Эта просьба Муравьеву не понравилась. Он перед отправлением из Якутска предупреждал дам, что все должны подчиняться правилам, составленным на время путешествия.

— Разговаривай со Струве, он назначен начальником экспедиции, и я сам подчиняюсь ему, — ответил жене губернатор, взглянув строго на Струве.

Через некоторое время Струве подошел к губернатору. Муравьев с проводниками стоял у якутских лошадей.

— Как быть? — спросил Струве. — Екатерина Николаевна просит разбить палатку, а по данной мне инструкции в настоящем пункте дневка не предусмотрена.

— Вы начальник экспедиции и решайте все сами, — ответил Муравьев и дал знак, чтобы якут поднял и показал копыто иноходца. — Не надо позволять ей раскисать, — добавил генерал.

Возвратившись на бивак, Струве своим тонким голоском твердо объявил Екатерине Николаевне, что в этом пункте не предусмотрено разбивать палатки, поэтому сделать ничего не может.

И Струве не удержался от удовольствия взглянуть на молодую губернаторшу с чувством превосходства, очень гордясь тем, что перед всеми поставил себя в такое выгодное положение. В то же время этой же самой строгостью и даже своей педантичностью он угождал и губернатору, а губернаторше старался помочь закалиться, привыкнуть к седлу. Он чувствовал себя в этот миг строгим доктором, чья суровость на пользу больному.

Когда Муравьев возвратился на бивак, Екатерина Николаевна пыталась объяснить, что измучена дорогой, и вдруг, не выдержав, расплакалась.

Он несколько смутился, но стал уверять, что отдыхать не следует.

— И нельзя и не надо. Ты будешь совершенно разбита, я это знаю по собственному опыту… Я тебе желаю добра. Поверь мне, перетерпи первые дни и привыкнешь… Кроме того, — видя, что она очень обижена, добавил он таким же тоном, каким говорил с ней Струве, — я не могу приказать. Ты знаешь, что я вверил Струве командование экспедицией.

Екатерина Николаевна, вытерев слезы, взглянула на мужа с удивлением. Впервые в жизни она почувствовала себя подчиненной казенному делу. Казалось, вокруг не люди, а ходячие правила… Оставалось сесть на коня и ехать назло всем.
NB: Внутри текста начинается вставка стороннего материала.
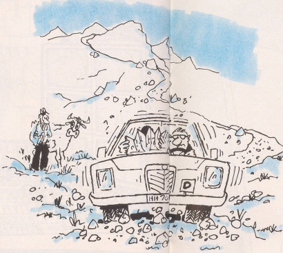
Etwas ganz Besonderes für abenteuerlustige Deutsche: die Schweizer Geröllhalden- und Bergwästen-Rallye zwischen der deutschen und italienischen Grenze ganz ohne Autobahnvignette!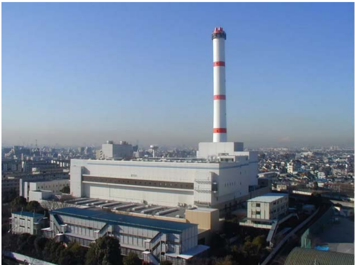
（日本东京足立生活垃圾焚烧厂）

日本东京足立项目简介：炉排炉、规模 350t/dx2 台，交付时间 2005 年。该项目建设在市中心，周围毗邻学校和居民区，在烟气排放指标控制上有着严格的要求,是东京的环保教育基地，有着良好的居民互动。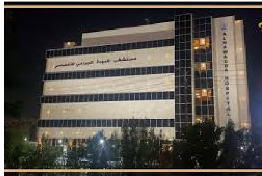
Project Name: AlMoudah Hospital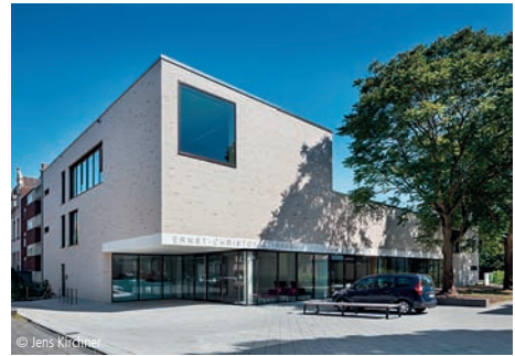
6400-0099 Gemeindehaus, Wohnung (1 WE)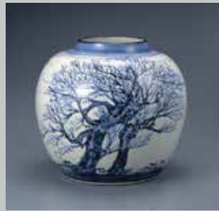
近藤悠三 寒木染付花瓶 1946年頃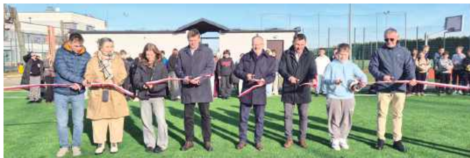
Modernizacja „Orlika” przy Szkole Podstawowej im. Adama Mickiewicza w Żyrzynie trwała kilka tygodni. Obiekt jest już ponownie dostępny od 13 listopada

Po wielu tygodniach prace nad obiektem przy Szkole Podstawowej im. Adama Mickiewicza w Żyrzynie zostały ukończone. Oficjalnego otwarcia dokonano w połowie listopada w obecności władz gminy, radnych, dyrekcji placówki oraz uczniów.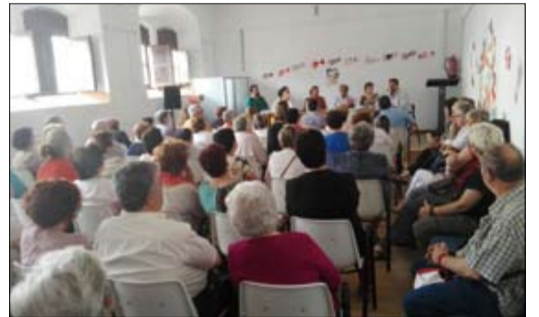
Arriba participantes de Puebla del Maestre. Abajo, de Zafra

"Un pueblo se juega su futuro en la capacidad que tenga para asumir el hambre y la sed de sus hermanos. En esta capacidad de socorrer al hambriento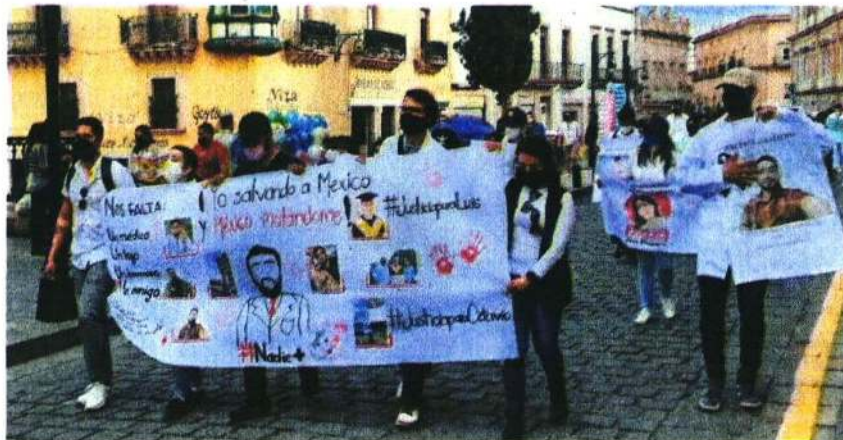
Jóvenes estudiantes se manifestaron tras los asesinatos de dos paramédicos que habían trasladado a un paciente a Zacatecas.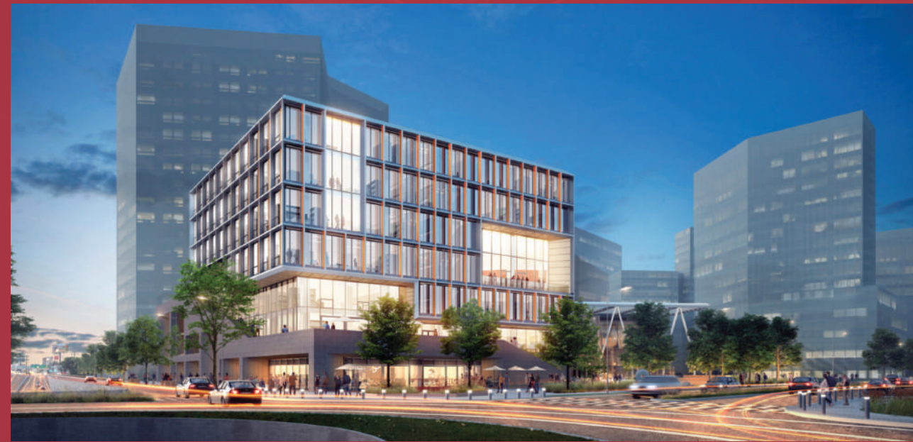
Tecnológico de Monterrey Monterrey, Nuevo León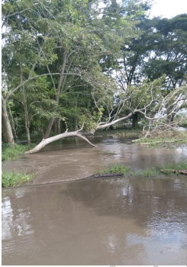
Canalización en la ciénaga La Catalina.

CREDHOS Corporación Regional para la Defensa de los Derechos Humanos "Hoy como ayer, persistiendo por la vida y la dignidad" NIT. 800.079.235-6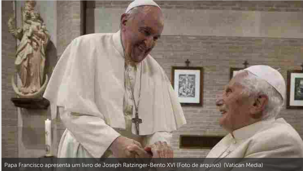
Papa Francisco apresenta um livro de Joseph Ratzinger-Bento XVI (Foto de arquivo) (Vatican Media)

PAPA PAPA FRANCISCO PAPA BENTO XVI EUROPA TUTELA DA VIDA LIVRO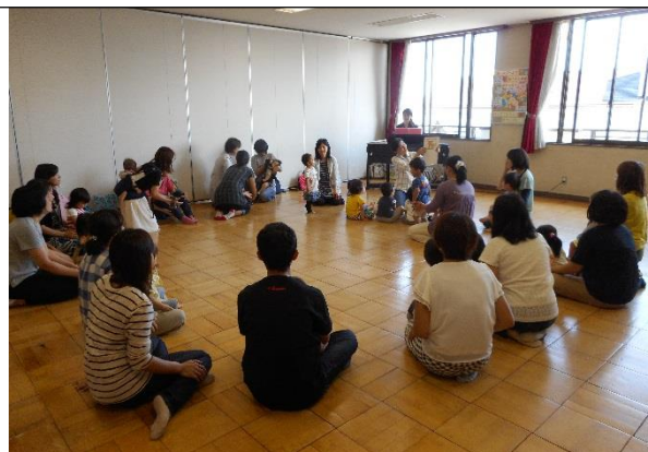
☆リトミックワールド☆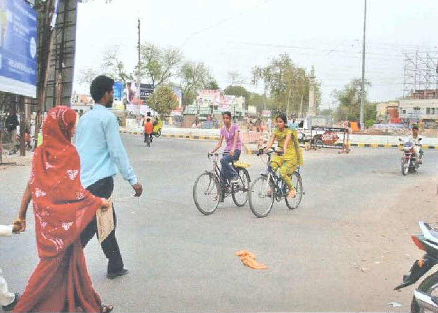
Ciclistas y ciclismo alrededor del mundo

Niñas bicicleando en Alwar en una intersección peligrosa. Ellas prefieren montar bicicleta antes que someterse al acoso del mal transporte público.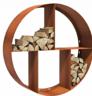
STOCKAGE DE BOIS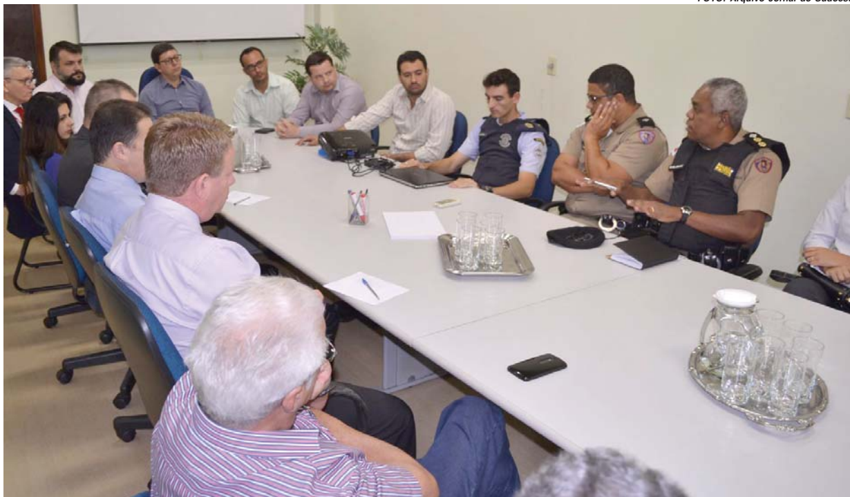
Lideranças se reuniram, mas adoções de medidas para aumentar a segurança foram descartadas devido aos custos.

Conselho Nacional de Educação aprova campus Ufla em Paraíso

И она поехала. «Как несчастны, должны быть люди, которые слепо зависят от правил, — думала она. — И разве нельзя сделать исключения?»

Окружающим казалось, губернаторша смирилась, и как будто все шло очень хорошо, но дело испортил сам губернатор. На другой день, поздно вечером, оставшись в палатке наедине со своей супругой, он, желая, видимо, ее утешить, сказал, что, конечно, Струве, если бы захотел, мог поставить палатку…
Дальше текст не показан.